Why phonics is essential

The role of phonics in learning to read is one of the most researched aspects of education, in terms of both the volume of research over the past few decades and the consistency of the evidence. Numerous reviews of scientific studies of reading  have recommended that early reading instruction should have a well-developed systematic and explicit phonics component.

The research has also shown that children who struggle to learn to read — either because they have had an impoverished home learning environment or because of a learning difficulty — are most likely to benefit from highly systematic and explicit phonics instruction. However, all children benefit from phonics instruction to some extent, whether it is for learning to read or learning to spell.

The Simple View of Reading

The Simple View of Reading says that reading comprehension requires word recognition and language comprehension. A deficit in either aspect will result in poor reading ability. If a child can read words aloud correctly but does not know what they mean, the child will not understand and therefore is not really reading. Conversely, a child can have a large vocabulary and good listening comprehension but these will not be of use if they cannot decipher the words on the page. The Simple View of Reading has been validated and extended in many studies in many languages.

Explicit and systematic instruction in phonics is the most effective and efficient route to accurate and fluent word recognition; by teaching children to decode words. When children know how to decode, they will be able to read almost any word they encounter.

Longitudinal studies have repeatedly found that a child’s ability to decode is a strong predictor of their reading level. Lervag, Hulme, & Melby-Lervag (2017) found that decoding and listening comprehension together accounted for 96% of variation in reading comprehension. The authors wrote

“Without adequate levels of decoding, oral language comprehension skills cannot be engaged to allow the comprehension of a written text.”

Beginning readers need to know how words sound

There have been hundreds of studies of the cognitive processes involved in developing skilled reading (for a recent review see Castles, Rastle, & Nation, 2018). When children are first learning to read, they need to build neurological connections between the parts of the brain that store letters (visual information) and sounds (phonological information). This seems to happen almost effortlessly for some children; but others — such as children with dyslexia — need multiple exposures for this information to be retained in their long-term memory. The word that is read must then find a match in the semantic (meaning) area of the brain for comprehension to occur.

Beginning readers do not make direct connections between print and meaning in the same way that skilled readers do. However, as children become proficient readers with a large store of familiar words via a process called orthographic mapping, the phonological route to meaning is required less often.
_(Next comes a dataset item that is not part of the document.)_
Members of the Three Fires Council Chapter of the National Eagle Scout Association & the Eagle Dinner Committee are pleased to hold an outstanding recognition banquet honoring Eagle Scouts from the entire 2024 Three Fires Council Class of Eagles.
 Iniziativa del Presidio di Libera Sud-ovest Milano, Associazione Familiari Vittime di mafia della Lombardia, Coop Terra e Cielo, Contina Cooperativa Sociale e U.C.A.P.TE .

What are the Essential Understandings of the Nature of Reading Development, Reading Difficulties and Effective Instruction? This presentation by David Kilpatrick addresses the nature and causes of reading difficulties; the importance of explicit instruction in advanced phonemic awareness, and fluency as a by product of having instant access to most or all of the words on the page.

The complexity of English makes systematic and explicit phonics instruction more important

English is a more complex language than other alphabetic languages such as Finnish or Italian — English has a ‘deep orthography’. While some other alphabetic languages have close to 1:1 letter sound correspondence (each letter has one sound associated with it), written English has 44 sounds associated with the 26 letters of its alphabet — some sounds are represented by combinations of letters (eg. /sh/), and some letters are represented in spoken language by more than one sound (eg. the letter c can be /s/ or /k/).
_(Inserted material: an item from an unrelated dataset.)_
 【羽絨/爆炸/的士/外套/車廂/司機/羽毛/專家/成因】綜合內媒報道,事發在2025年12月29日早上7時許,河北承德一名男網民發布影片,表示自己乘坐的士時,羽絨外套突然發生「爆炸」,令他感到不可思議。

English is thus more accurately described as a morphophonemic language than a strictly phonetic language, but most words and morphemes are phonetically decodable; that is: they can be ‘sounded out’ using knowledge of the rules of written English.  This characteristic of English makes good phonics teaching more rather than less important — the complexity of English makes it difficult for children to learn the rules (and the exceptions) without careful and explicit teaching.